RİTMİ DEĞİŞTİR, NE ÇOK ŞEY DEĞİŞİR

Johannes Ciconia’nın 1300'lerin sonlarında yazdığı Le Ray au Soleyl adlı kanonu ilginç. Kanon, enstrümanların aynı melodiyi seslendirmeye farklı aralıklarda başlamasının yanı sıra farklı ritimlerde ilerlemesi üzerine kurulmuş.

Böylece zaman hissini, parçanın belkemiğini eğip büken, uzatıp kısaltan sıra dışı bir dinamik ortaya çıkıyor. Kafa buldurucu!
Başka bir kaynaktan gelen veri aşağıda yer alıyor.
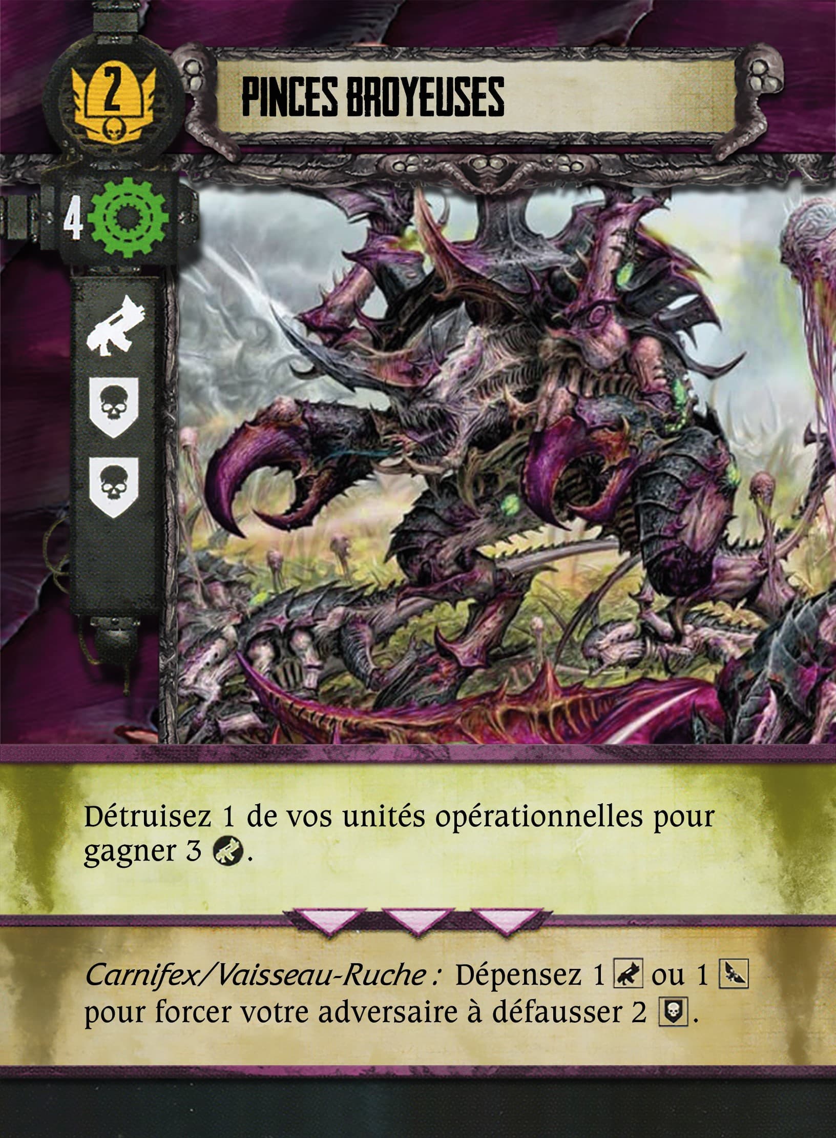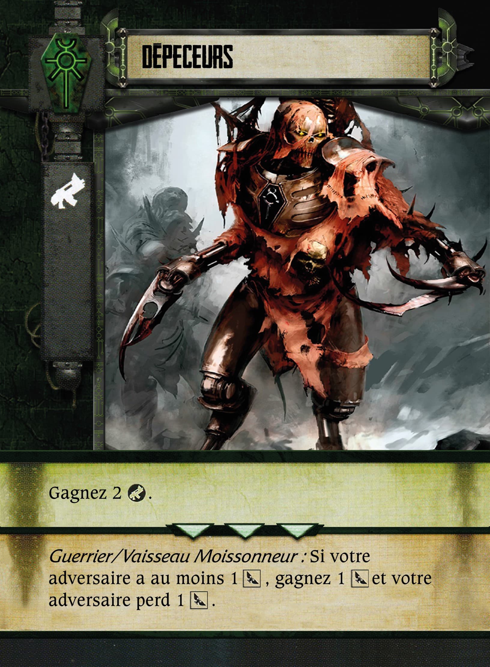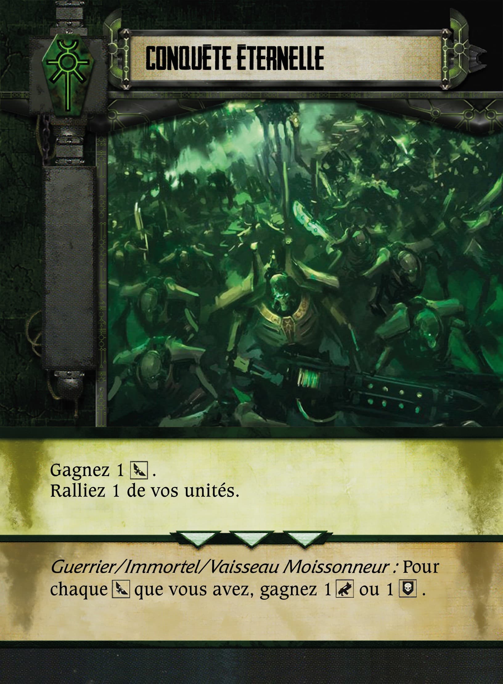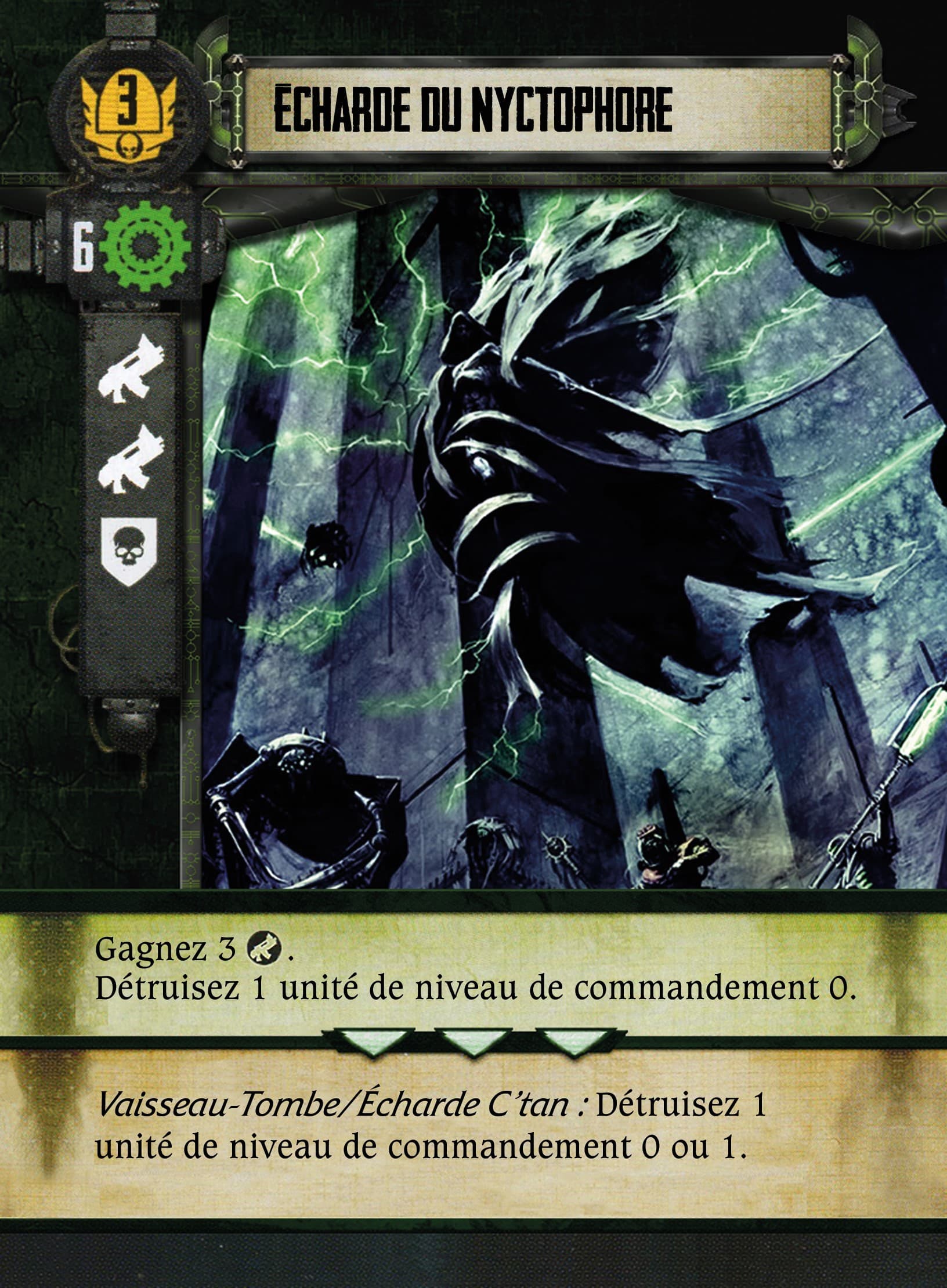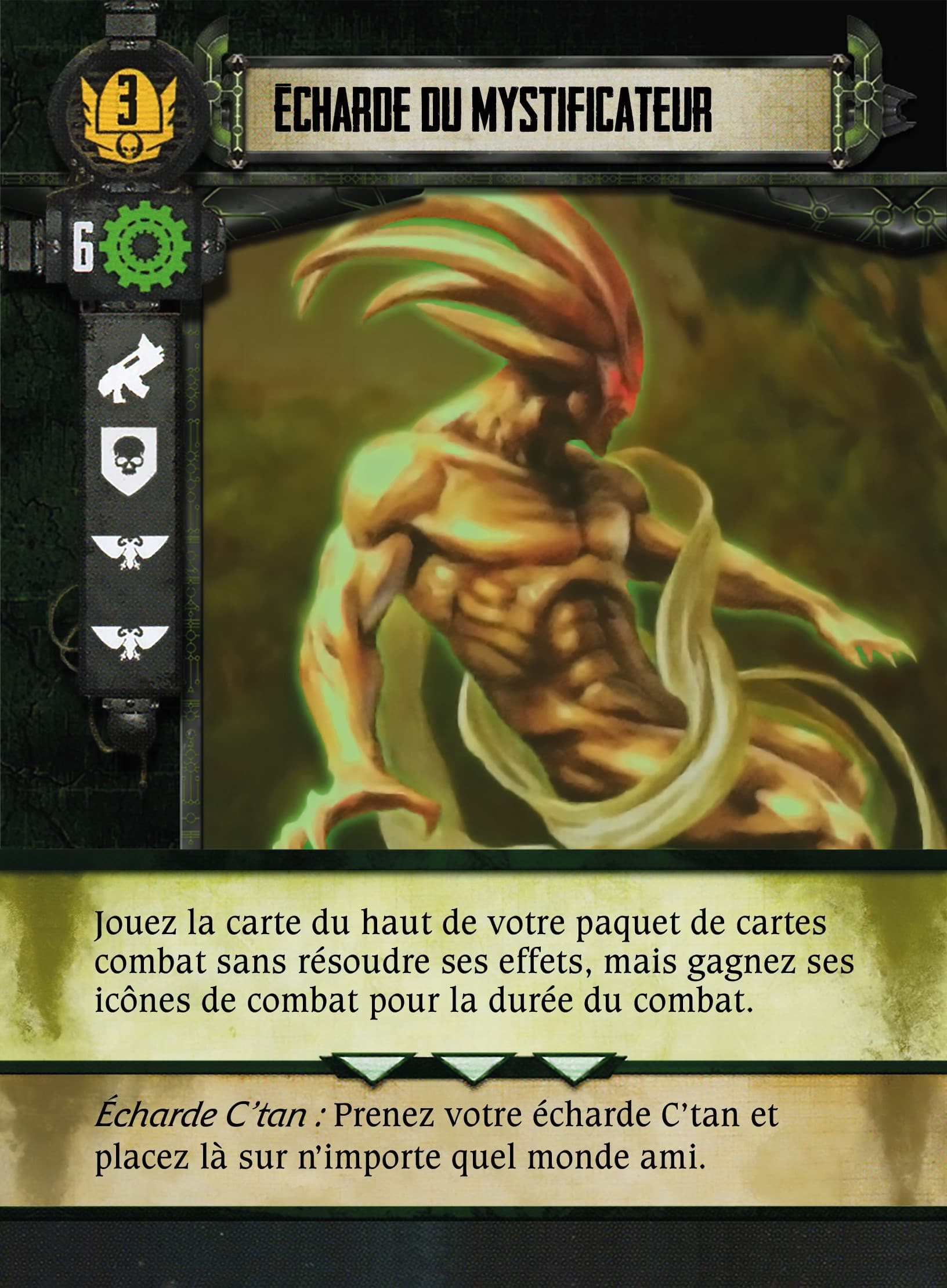 Pour Ca j’ai vu avec necro, il bossait sur une ancienne version des fichers de faction. Sur les nouvelle fiches PL/ANG c’est c’est bien la crypte Tesseract avec echarde C’tan (mais ca reste c’tan sur la carte pour faciliter la vie des ceux qui veulent que les figurines ), et la traduction sera faite en consequence.

Ciconia’nın kanonuyla yaptığı bir süredir teknolojiyle ilişkimde yaptığımı yansıtıyor: Aynı telden ama farklı tempoda çalmak.

Dilim bir karış dışarıda, aletti programdı ıvır zıvırı (teknoloji tanrıları günahımı bağışlasın) güncelleme peşinde koşmak yerine arkamı yaslanıp geriden takip ettiğimde çoğunluğa/modaya/önüme getirilene uymanın göz bağı sıyrılıyor, manzarayı bundan serbestleşen bir bakışla seyredebiliyorum.

iPhone 7 kuyrukları uzaya dursun, geçen sene yanlışlıkla iyice aptallıktan bir nebze ilerisine yükselttiğim telefonumla koşuşmayı arkadan seyretmek, yarışın içinde hiçbir zaman göremeyeceğim şeyleri göremeyeceğim açıklıkta önüme seriyor.

Melodiye, ana akışa savaş açmaya, dışında kalmak için debelenmeye gerek yok; ritmi değiştir, geri kalan da değişiyor.

*

Tempoyla oynamak (müzikten öğrendiğim bir şey daha), sadece teknolojiyle ilişkide de değil, büyük bir özgürleşme kaynağı.

*

Düşünüyorum da.. Çocukluk, ergenlik, yetişkinlik, yaşlılıkla hayatınki de böyle bir kanon değil mi?